**Task statement**.
In the copy, keep every record exact and leave out all images.

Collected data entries
────────

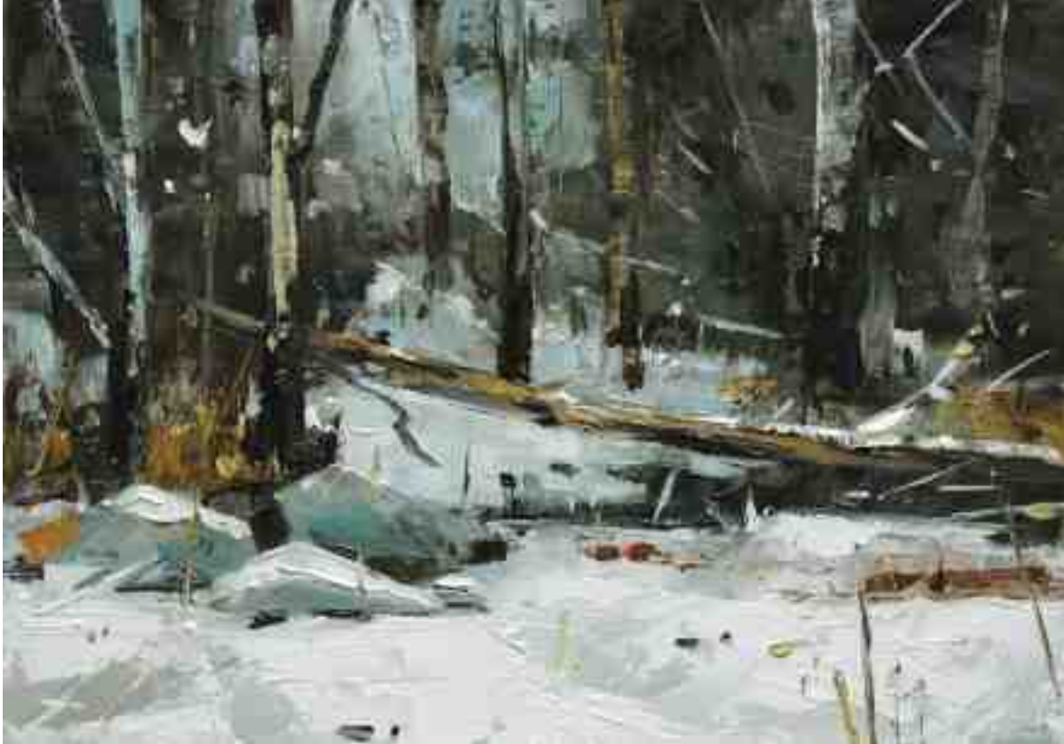
Schnee im Wald IV 2020 | Öl/Holz | 14 x 20 cm
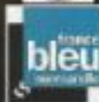
Illustration par nos soins - Art par www.art4you.com
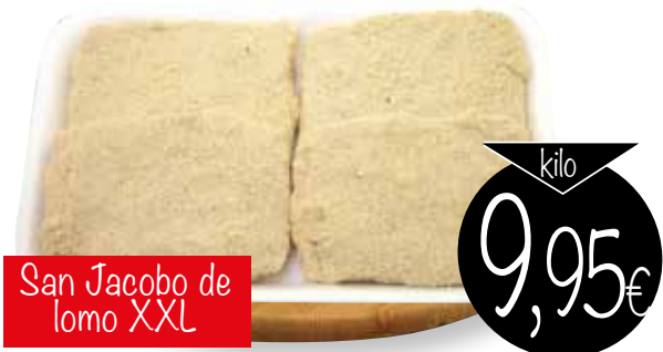
San Jacobo de lomo XXL
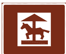
773 e. Nöjes- eller temapark
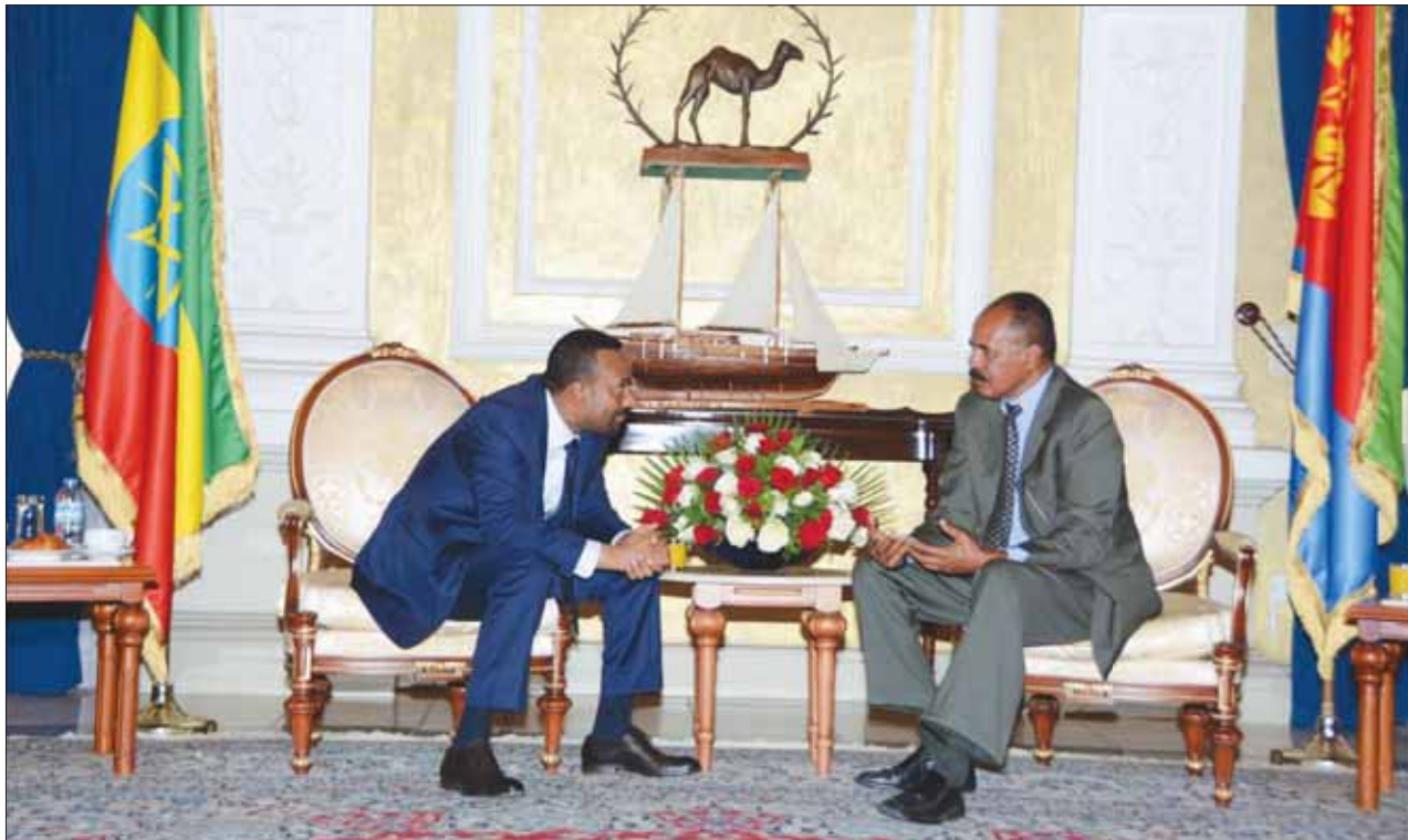
الرئيس الإريتري آسياس أفورقي ورئيس الوزراء الإثيوبي أبي أحمد في أسمره
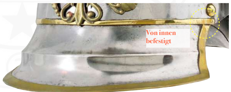
BILD 7: M1853 VORDERSCHIRM VOM MANSCHAFTSHELM DER LINIEN-KÜRASSIERE

Im Laufe der Gebrauchszeit zeigte sich am M1843 ein schwerwiegender Nachteil des von außen angenieteten Vorderschirms. Durch einen Spalt zwischen Schirm und Helmkopf tropfte bei Regen Wasser ins Gesicht des Trägers, weshalb der Schirm bei Neubeschaffungen künftig von innen angenietet wurde (Bild 7). Damit entfiel die bisherige Einfassung um den oberen Rand des Vorderschirmes und der Schirm maß in der Höhe nur noch 7,2 - 7,3 cm und in der Breite 21,0 - 21,6 cm. Eine diesbezügliche AKO ist leider nicht bekannt, jedoch ist dieses Helmmuster als M1853 bekannt und die Änderungen betrafen die Manschafts- und die Offiziershelme .

────────

**Solution for this task**.
Schnee im Wald IV 2020 | Öl/Holz | 14 x 20 cm
Illustration par nos soins - Art par www.art4you.com
San Jacobo de lomo XXL
773 e. Nöjes- eller temapark
الرئيس الإريتري آسياس أفورقي ورئيس الوزراء الإثيوبي أبي أحمد في أسمره
BILD 7: M1853 VORDERSCHIRM VOM MANSCHAFTSHELM DER LINIEN-KÜRASSIERE

Im Laufe der Gebrauchszeit zeigte sich am M1843 ein schwerwiegender Nachteil des von außen angenieteten Vorderschirms. Durch einen Spalt zwischen Schirm und Helmkopf tropfte bei Regen Wasser ins Gesicht des Trägers, weshalb der Schirm bei Neubeschaffungen künftig von innen angenietet wurde (Bild 7). Damit entfiel die bisherige Einfassung um den oberen Rand des Vorderschirmes und der Schirm maß in der Höhe nur noch 7,2 - 7,3 cm und in der Breite 21,0 - 21,6 cm. Eine diesbezügliche AKO ist leider nicht bekannt, jedoch ist dieses Helmmuster als M1853 bekannt und die Änderungen betrafen die Manschafts- und die Offiziershelme .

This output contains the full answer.